Your assignment: A faithful copy of the entire listing is what is needed.

◇ ◇ ◇ ◇ ◇ ◇ ◇

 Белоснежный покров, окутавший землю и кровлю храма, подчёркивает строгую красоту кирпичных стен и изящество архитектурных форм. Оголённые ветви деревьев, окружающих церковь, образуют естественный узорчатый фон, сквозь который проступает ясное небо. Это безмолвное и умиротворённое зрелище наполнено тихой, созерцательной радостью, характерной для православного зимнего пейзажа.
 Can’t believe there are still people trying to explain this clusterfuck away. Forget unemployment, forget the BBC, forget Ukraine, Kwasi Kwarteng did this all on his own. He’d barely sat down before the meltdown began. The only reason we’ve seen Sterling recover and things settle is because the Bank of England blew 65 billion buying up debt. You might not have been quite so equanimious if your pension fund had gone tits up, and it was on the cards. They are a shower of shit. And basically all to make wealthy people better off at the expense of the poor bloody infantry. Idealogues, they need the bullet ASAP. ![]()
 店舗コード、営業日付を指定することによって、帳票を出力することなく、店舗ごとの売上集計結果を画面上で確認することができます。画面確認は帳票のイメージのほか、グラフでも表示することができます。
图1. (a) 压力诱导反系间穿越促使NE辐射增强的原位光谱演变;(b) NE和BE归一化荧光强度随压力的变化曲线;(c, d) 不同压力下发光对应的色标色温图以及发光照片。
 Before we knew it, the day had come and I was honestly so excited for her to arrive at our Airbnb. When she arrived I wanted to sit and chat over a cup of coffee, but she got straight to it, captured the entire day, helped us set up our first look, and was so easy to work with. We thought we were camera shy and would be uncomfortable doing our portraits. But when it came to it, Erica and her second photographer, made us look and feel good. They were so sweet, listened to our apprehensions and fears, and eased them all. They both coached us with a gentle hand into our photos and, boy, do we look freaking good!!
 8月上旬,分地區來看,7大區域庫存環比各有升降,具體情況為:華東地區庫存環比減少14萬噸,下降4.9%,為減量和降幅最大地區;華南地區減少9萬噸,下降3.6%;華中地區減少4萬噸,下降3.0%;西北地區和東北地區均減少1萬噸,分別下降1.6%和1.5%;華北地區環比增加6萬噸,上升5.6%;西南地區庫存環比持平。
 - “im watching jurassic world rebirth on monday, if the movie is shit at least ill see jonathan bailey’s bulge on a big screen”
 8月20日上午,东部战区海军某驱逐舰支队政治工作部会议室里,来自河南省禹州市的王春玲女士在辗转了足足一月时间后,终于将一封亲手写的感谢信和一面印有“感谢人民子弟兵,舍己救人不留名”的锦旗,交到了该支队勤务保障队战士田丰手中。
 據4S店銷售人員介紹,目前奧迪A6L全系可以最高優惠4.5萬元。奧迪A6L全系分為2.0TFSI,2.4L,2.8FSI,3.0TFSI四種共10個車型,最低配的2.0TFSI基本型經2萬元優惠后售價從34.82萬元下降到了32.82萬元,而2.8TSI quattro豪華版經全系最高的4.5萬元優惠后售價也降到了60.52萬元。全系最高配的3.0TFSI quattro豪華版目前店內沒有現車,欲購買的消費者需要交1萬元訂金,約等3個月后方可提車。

◇ ◇ ◇ ◇ ◇ ◇ ◇

Result for this exercise:
 Белоснежный покров, окутавший землю и кровлю храма, подчёркивает строгую красоту кирпичных стен и изящество архитектурных форм. Оголённые ветви деревьев, окружающих церковь, образуют естественный узорчатый фон, сквозь который проступает ясное небо. Это безмолвное и умиротворённое зрелище наполнено тихой, созерцательной радостью, характерной для православного зимнего пейзажа.
 Can’t believe there are still people trying to explain this clusterfuck away. Forget unemployment, forget the BBC, forget Ukraine, Kwasi Kwarteng did this all on his own. He’d barely sat down before the meltdown began. The only reason we’ve seen Sterling recover and things settle is because the Bank of England blew 65 billion buying up debt. You might not have been quite so equanimious if your pension fund had gone tits up, and it was on the cards. They are a shower of shit. And basically all to make wealthy people better off at the expense of the poor bloody infantry. Idealogues, they need the bullet ASAP. ![]()
 店舗コード、営業日付を指定することによって、帳票を出力することなく、店舗ごとの売上集計結果を画面上で確認することができます。画面確認は帳票のイメージのほか、グラフでも表示することができます。
图1. (a) 压力诱导反系间穿越促使NE辐射增强的原位光谱演变;(b) NE和BE归一化荧光强度随压力的变化曲线;(c, d) 不同压力下发光对应的色标色温图以及发光照片。
 Before we knew it, the day had come and I was honestly so excited for her to arrive at our Airbnb. When she arrived I wanted to sit and chat over a cup of coffee, but she got straight to it, captured the entire day, helped us set up our first look, and was so easy to work with. We thought we were camera shy and would be uncomfortable doing our portraits. But when it came to it, Erica and her second photographer, made us look and feel good. They were so sweet, listened to our apprehensions and fears, and eased them all. They both coached us with a gentle hand into our photos and, boy, do we look freaking good!!
 8月上旬,分地區來看,7大區域庫存環比各有升降,具體情況為:華東地區庫存環比減少14萬噸,下降4.9%,為減量和降幅最大地區;華南地區減少9萬噸,下降3.6%;華中地區減少4萬噸,下降3.0%;西北地區和東北地區均減少1萬噸,分別下降1.6%和1.5%;華北地區環比增加6萬噸,上升5.6%;西南地區庫存環比持平。
 - “im watching jurassic world rebirth on monday, if the movie is shit at least ill see jonathan bailey’s bulge on a big screen”
 8月20日上午,东部战区海军某驱逐舰支队政治工作部会议室里,来自河南省禹州市的王春玲女士在辗转了足足一月时间后,终于将一封亲手写的感谢信和一面印有“感谢人民子弟兵,舍己救人不留名”的锦旗,交到了该支队勤务保障队战士田丰手中。
 據4S店銷售人員介紹,目前奧迪A6L全系可以最高優惠4.5萬元。奧迪A6L全系分為2.0TFSI,2.4L,2.8FSI,3.0TFSI四種共10個車型,最低配的2.0TFSI基本型經2萬元優惠后售價從34.82萬元下降到了32.82萬元,而2.8TSI quattro豪華版經全系最高的4.5萬元優惠后售價也降到了60.52萬元。全系最高配的3.0TFSI quattro豪華版目前店內沒有現車,欲購買的消費者需要交1萬元訂金,約等3個月后方可提車。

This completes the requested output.